*** Opening SOURCE MATERIAL ***
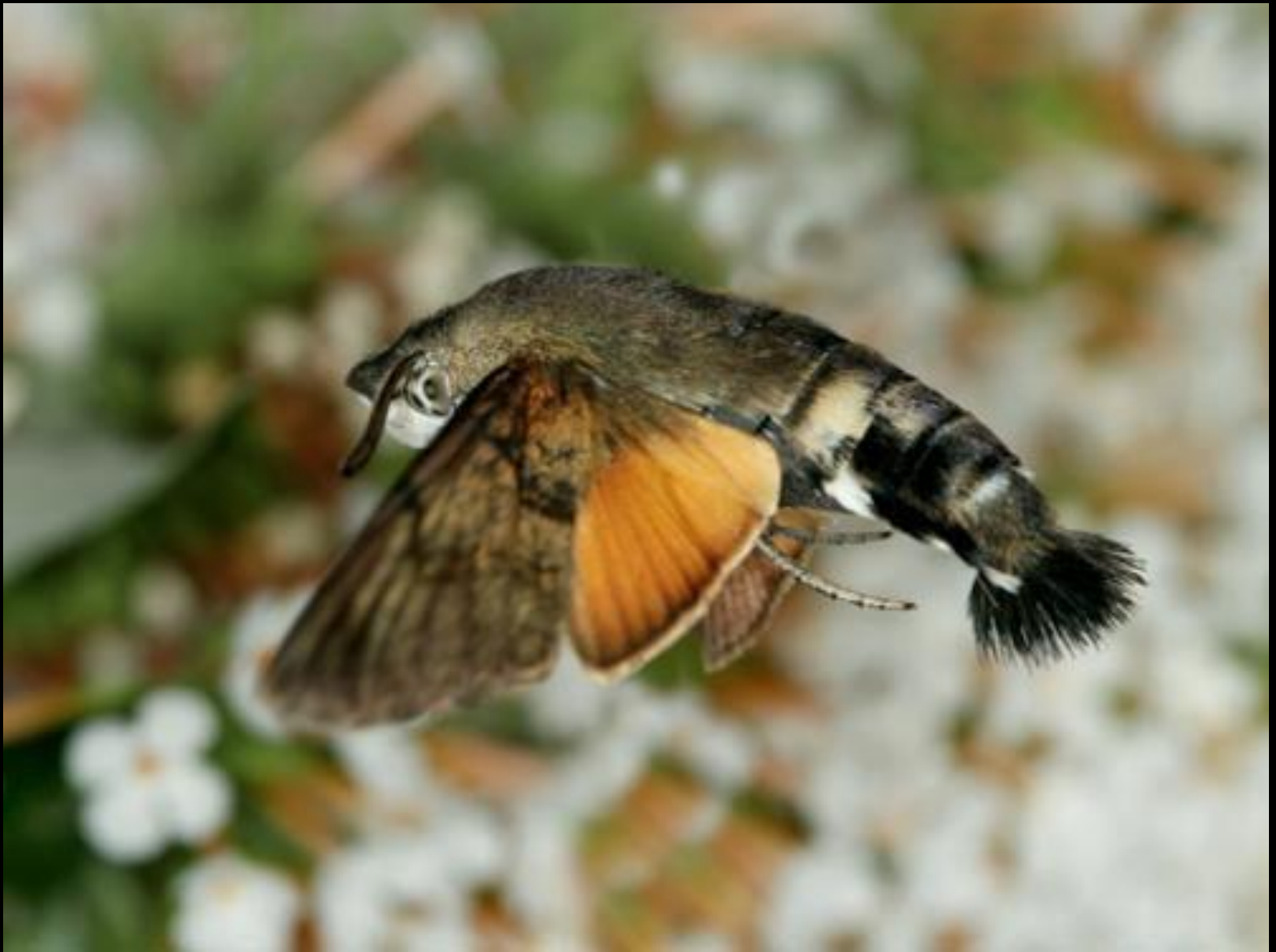
The Hummingbird Hawk-Moth ( Le sphinx colibri )
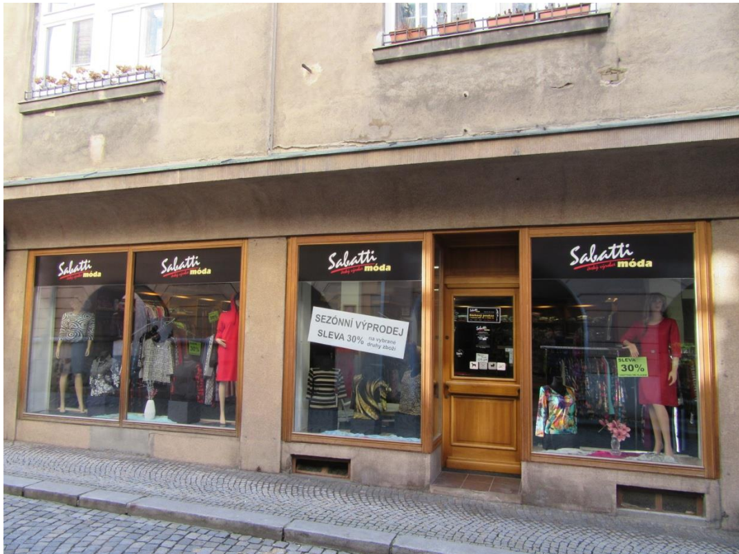
Pohled na posuzovanou stavbu – ul. Dobrovského č.2 ( Teraccová fasáda – zaoblení vrchního pohledu )

Dokumentace zašpinění, poškozených částí fasády apod.
*** Closing SOURCE MATERIAL ***
**TASK DESCRIPTION**
The expected output is the exact run of lines from the line with "Pohled na posuzovanou" through the last line of the material above.

**RESPONSE**
Pohled na posuzovanou stavbu – ul. Dobrovského č.2 ( Teraccová fasáda – zaoblení vrchního pohledu )

Dokumentace zašpinění, poškozených částí fasády apod.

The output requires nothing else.